Dr. Alan J. Garber graduated from Temple University, Philadelphia, in 1968, and completed a PhD in Physiological Chemistry in 1971 and a residency in Internal Medicine. Subsequently, he was a fellow in Metabolism and a junior faculty member at Washington University Medical School and Barnes Hospital in St. Louis, Missouri. In 1974, he transferred to Baylor College of Medicine in Houston, where he is presently a Professor in the Departments of Medicine, Biochemistry and Molecular Biology, and Molecular and Cellular Biology.

Dr. Garber is president of the American College of Endocrinology and a past president of the American Association of Clinical Endocrinologists. Prior service to the boards of numerous organizations includes the National Board of Directors of the American Association of Clinical Endocrinologists, the American Diabetes Association, the Southern Section of the American Federation for Clinical Research, and the Southern Society for Clinical Investigation. Prior elected positions include those of secretary/treasurer and president, American Association of Clinical Endocrinologists; Board of Chancellors, the American College of Endocrinology; president, the Southern Society for Clinical Research; president, the Southern Society for Clinical Investigation; and president, the American Diabetes Association Texas Affiliate.

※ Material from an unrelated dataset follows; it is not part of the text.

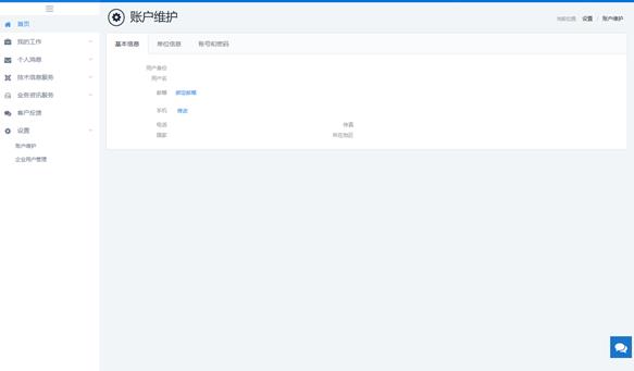 用户维护自己的账户信息,修改办公电话,传真、工作地点,调整账户关联手机号码、邮箱等。

Consulting positions include the National Institutes of Health (NIH), the National Heart, Lung, and Blood Institute, the American Heart Association, and the National Kidney Foundation. Dr. Garber has served as the editor of Clinical Diabetes, Endocrine and Metabolism Clinics of North America, and Medical Clinics of North America, and is presently the editor of Diabetes, Obesity and Metabolism, and Endocrine Today.

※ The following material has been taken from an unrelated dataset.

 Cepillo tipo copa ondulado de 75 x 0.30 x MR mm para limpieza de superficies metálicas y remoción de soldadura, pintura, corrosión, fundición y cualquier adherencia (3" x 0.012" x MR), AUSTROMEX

Additionally, Dr. Garber is a member of the National Lipid Association and a past-member of the NIH-Food and Drug Administration (FDA) Expert Panel on Cardiovascular Biomarkers, AACE liaison to the FDA and the American College of Cardiology, and past-chair of the Council on Complications for the American Diabetes Association. He has authored over 300 peer-reviewed publications, as well as book chapters and monographs on diabetes, its complications, and related disorders.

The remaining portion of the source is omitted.